Thursday, February 14, 2008

CREATIVITY RE-VISITED

4Ps B&M's Monojit Lahiri attempts a hard close up on a fiercely debated issue

Indra Sinha, the brilliant & celebrated British communication maverick of Indian origin (whose AMNESTY campaign re-defined public service advertising like nothing else before or after) once stated that advertising is hardly a new phenomenon. It has existed for centuries. Then, tongue firmly in cheek, let fly a zinger. “Actually, it’s the second oldest profession & arose directly from the needs of the first!”

John Hegarty, another ad guru, offers his take in terms of persona. “As an industry, it occupies only the margins; the bits in between the editorial content; and the space between the programmes. The creativity bit is really guerilla creativity! It comes in, makes a hit & zips out.” However he is quick to point out that “creativity is the very essence of humanity. Civilisation’s great leap is because of human beings creative impulse & drive. It could think, put different thoughts together and come to different conclusions. I am always blown when people come to me & say, oh you’re so creative! Does that make me special weird, different, species… what?”

However, coming to the bigger picture, creativity is often defined as the public face of an ad agency; the external manifestation of its culture. Every piece of work builds the agency’s & clients brand. Some experts believe that this brand-building exercise can be measured in 5 ways. One, by the number of clients who stay or leave. Two, the number of pitches to which the shop is invited. Three, the quality & calibre of people it attracts. Four, by what its peers, clients and competitors say about it and five, by the awards they win in major festivals… They also believe that to create truly great advertising, 3 elements are de rigeur. One, the management should genuinely want it. Two, the creative guys should have the ability and confidence to produce it. Finally – the most important – the clients must recognise, green-light and endorse the work and buy it with enthusiasm and vigour.
 
Another special and spot-on fact is articulated with passion by another hi-profile ad practitioner, “It’s great clients who make great agencies and great campaigns – not vice versa. Remember they are the guys who take the risks, buy the stuff and have the balls to run with the idea! When you look at some of the truly great stuff done in recent times (Apple, Absolut, Volkswagon, Nike, Fevicol, Airtel, Liril, Surf Excel, Vodafone, Perfetti, Aviva, Fair & Handsome, Dove…) chances are, you’ll find a great company behind it… and behind the great company a great visionary who challenges and stretches you as much as you stretch him. There has to be (and usually is) a tacit investment of trust and belief that is both inspirational and stimulating. It drives the process. It can never be a one-way-street.” There is also a word of caution. “The advertising should educate them with evidence. Remember clients are in the business for results – not to tilt at windmills, be courageous and brave for the sake of being perceived as courageous and brave!”

At the end of the day, creativity is a destructive, risky business engaged in tearing down to build afresh.

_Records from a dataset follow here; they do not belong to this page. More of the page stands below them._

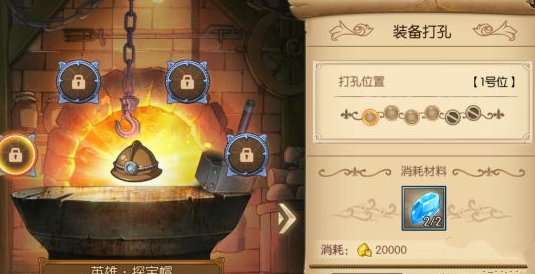 在主界面右下角阵容中,随便选择一个角色的装备,点击下面的装备强化,就可以打开铁匠铺,在第二个选项镶嵌中,选择你想要的打孔装备。点击下方有一个打孔按钮,装备打孔是需要消耗一定材料,1至20级的装备,精钢石,21至40级的装备打孔需要海蓝石,这两种打孔材料可以再商城买到。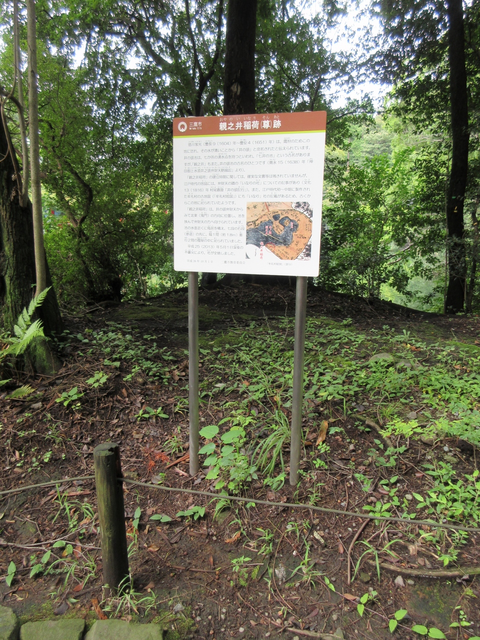 井の頭恩賜公園内の弁天橋北詰に説明板が立っています。江戸時代に井の頭弁財天の鬼門除けとして親之井稲荷神社が建立されましたが、2013年に不審火のため焼失しました。公園案内所でもらった井の頭町会作成の史跡さんぽマップに、焼失する前の親之井稲荷神社の写真が載っていました。商売繁盛の神や衣食住の守護神として信じられていました。説明板に井の頭の名前の由来なども記されていて、この土地を知ることができました。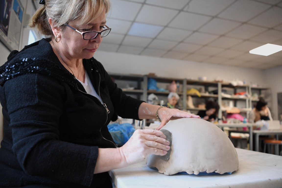 Seramik kursunda öğrencilere ilk olarak düşük dereceli çamur tanıttıklarını ve ardından ürünleri şekillendirdiklerini belirten Seramik Öğretmeni Sabiha Kök, “Burada seramik biçimlendirme dersi veriyoruz. Kursiyerlerimiz genellikle ‘yapamam’ korkusuyla başlıyorlar. Ancak onlara burada yetenek aramadığımızı, sürecin nasıl işleyeceğini anlatıyoruz. Ürünleri yapan kursiyerlerin başarılı olmaları karşısında yaşadıkları şaşkınlık bizi mutlu ediyor” dedi. Yıl sonu sergisine dair bilgi veren Kök, “Her ürünü sergiye götüremiyoruz. Sergiye katılacak ürünleri birlikte seçiyoruz. Kursiyerlerimiz, Başkanımız Cem Kotan’a ve bize bu kurslar için teşekkür ediyorlar” ifadelerini kullandı.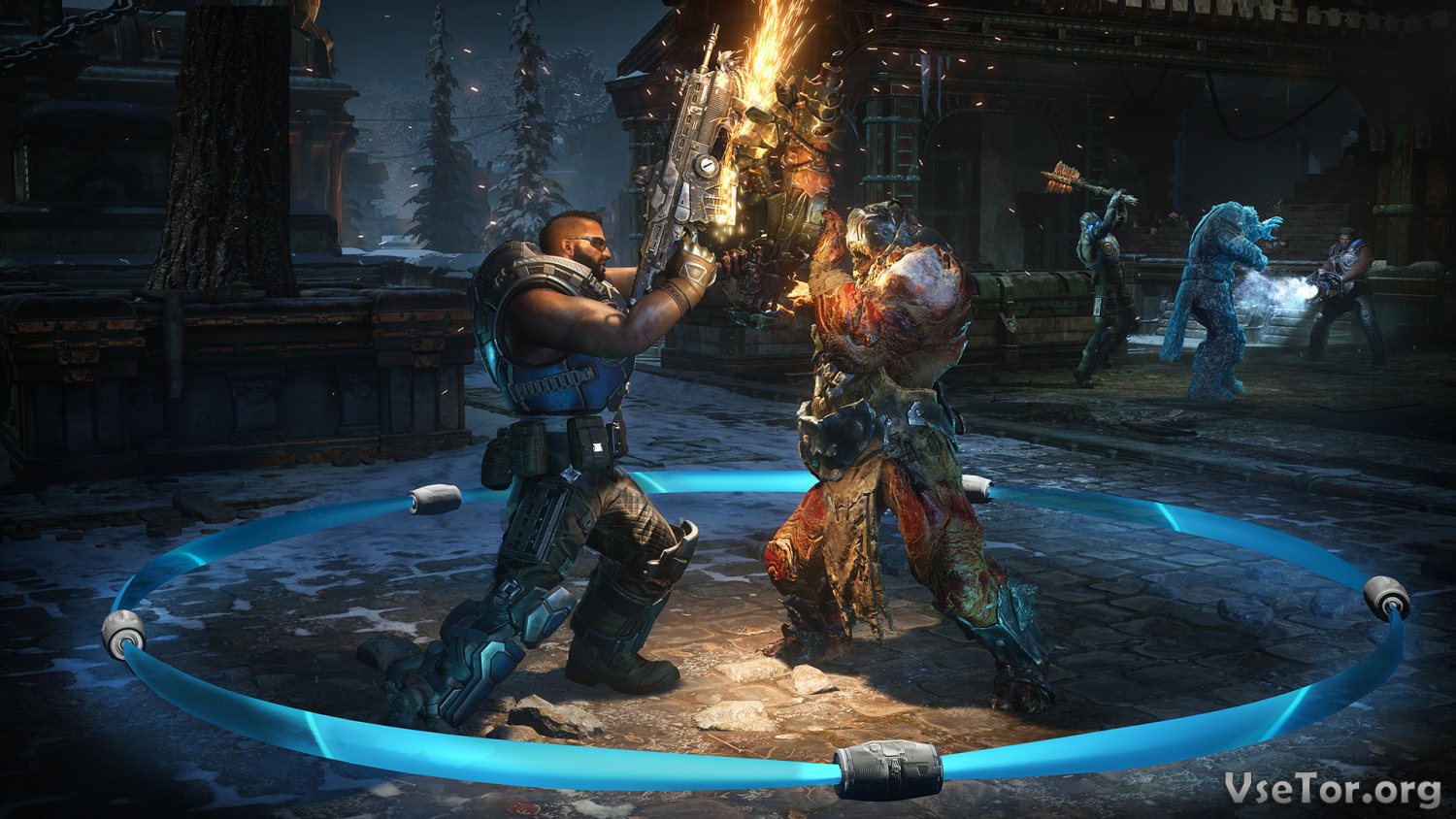 Еще одно новшество заключается в разнообразии локаций, на которых вам придется побывать в ходе прохождения Gears 5. Имеются и заснеженные локации с замерзшими озерами и снегом по колено, и зеленые локации, и даже тропические территории. Причем, во всех локациях царит по-своему уникальная атмосфера…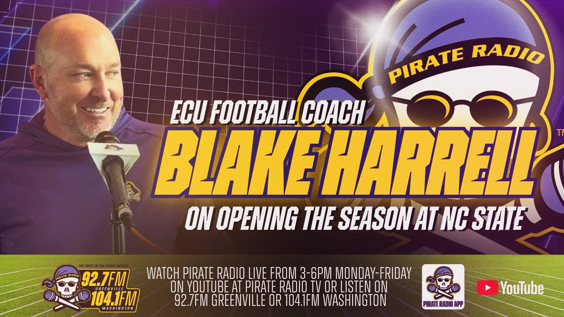 Photo illustration: ECU football coach Blake Harrell (Glenn Griffin, Pirate Radio)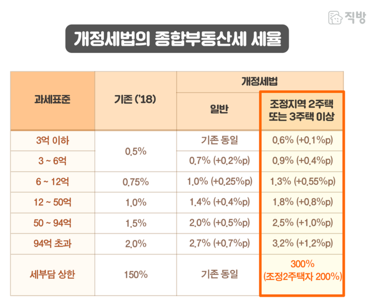 - 과세표준 94억 원 초과: 2주택 이하 2.7%, 3주택 이상 4.0%
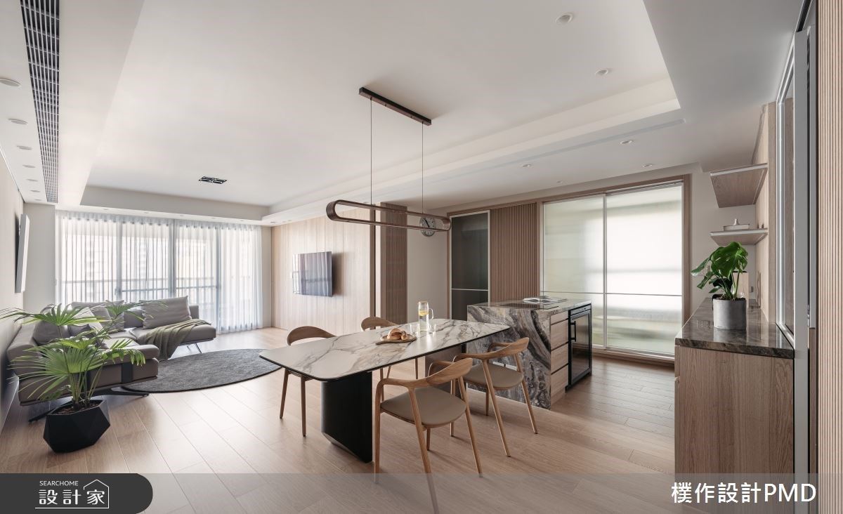 來到客廳,L型的柔軟布沙發後方,格子狀的收納展示書櫃,透過淺木、純白的門片交錯,加上開放、封閉的不規則排列,呈現充滿節奏感的動態視覺,不但給予充沛的收納機能,也勾勒吸睛的牆面端景。客廳與廚房的交界處,天花運用木作包覆、弧形設計,嵌入迷人燈帶,在不影響屋高的情況下,成功抹去樑柱的壓迫感。廚房區域,巧妙配置中島吧台,寫下ㄇ字型的料理動線,能擴充調理檯面,更可隨時化身小酌談心的角落。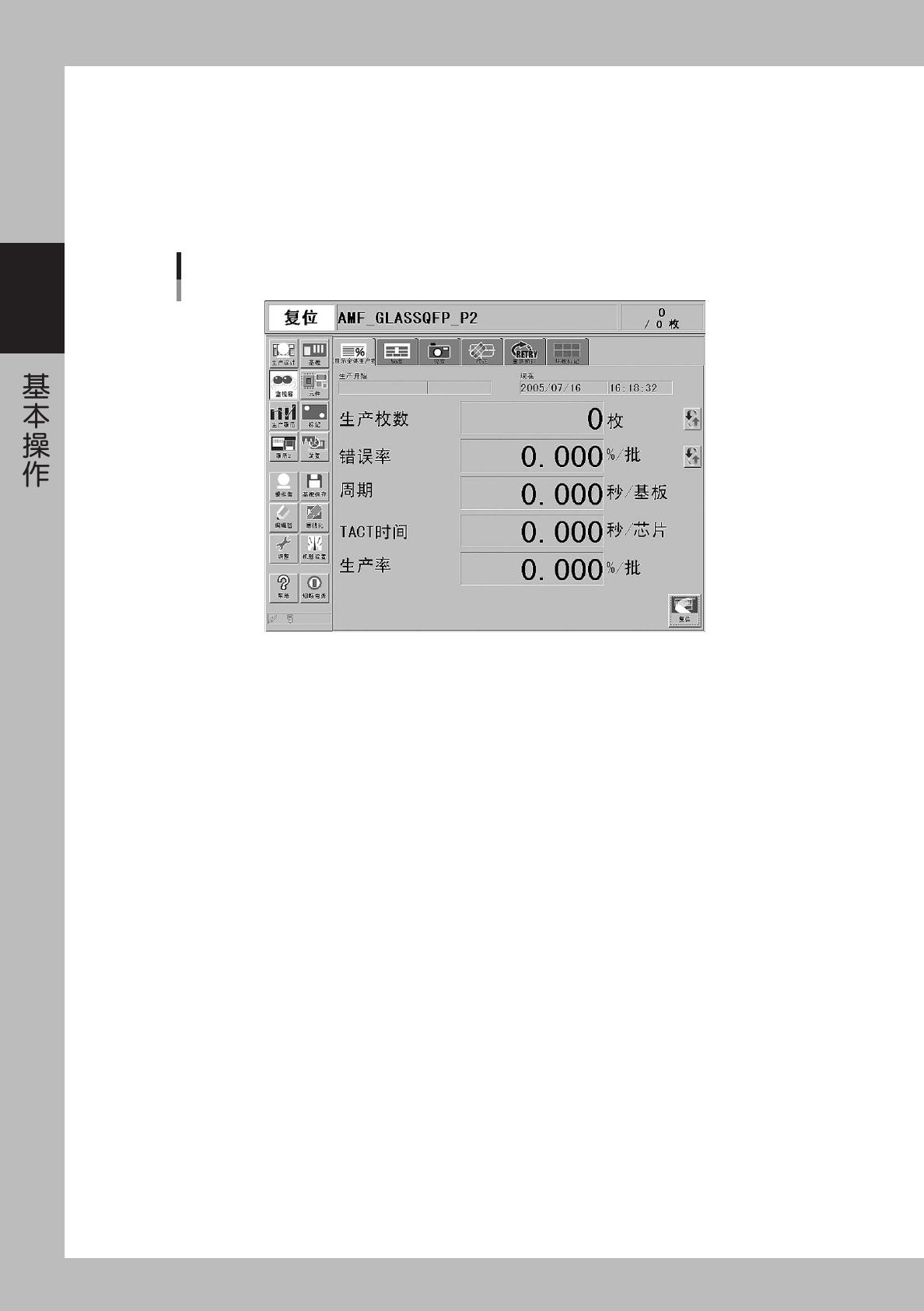 该画面显示了目前生产的基板数量、生产状况等即时信息。生产过程中,始终打开该画面的话,便于生产。如切换了生产基板,

It’s about swiftly (and seamlessly) shifting gears from logic to intuition and adjusting perspectives in line with the shifting realities. It’s about taking note of the fact that human behaviour has not changed; what has is the environment they reside in and the means we access them. For true-blue, red-hot creativity (designed to make a difference) it is crucial to ensure that you make a difference first within yourself. Kids or star-struck, glamour-driven aspirants desiring to enter this universe will be well-advised to follow the priceless words of Indra Sinha. ”It is a world blitzed with conditions and rules. You can play by them, play safe and win fame and fortune, without really stretching yourself. However, if protean creative urges rumble within and scream for release, be prepared to go it alone without any help from the industry. It is these people who follow their own instinct and fight for them who are the ground-breakers. The real creative titans… The figureheads of the future!”

The last words however must belong to the latest luminary on the block - the new Executive Chairman of Lowe, Balki, who has his very special take on Creativity. The Director of 2007’s acclaimed film Cheeni Kum – all set to put together another film, PA, starring both, the Big and Small Bachchan- strongly believes that creativity is not necessarily about humour or popular hindi street-speak, but engagement and interest-value based on basic consumer insights. “For me, creativity in advertising is anything that is interesting and engaging… anything that kills boredom. Creativity is the biggest currency that drives effective and memorable advertising. It is not strategic inputs, marketing warfare, business plans or gimmicks, but how interesting you are as a person, brand, commodity of organization. Creativity need not – as some believe – only follow the haha (entertainment) route. It can make you cry, think, be scared, anxious, romantic, nostalgic… anything that connects. The idea is to see creativity as a powerful instrument that engages the reader /audience /consumer to reach a new level of empowerment”.

Lowe and behold - Balks could well be right!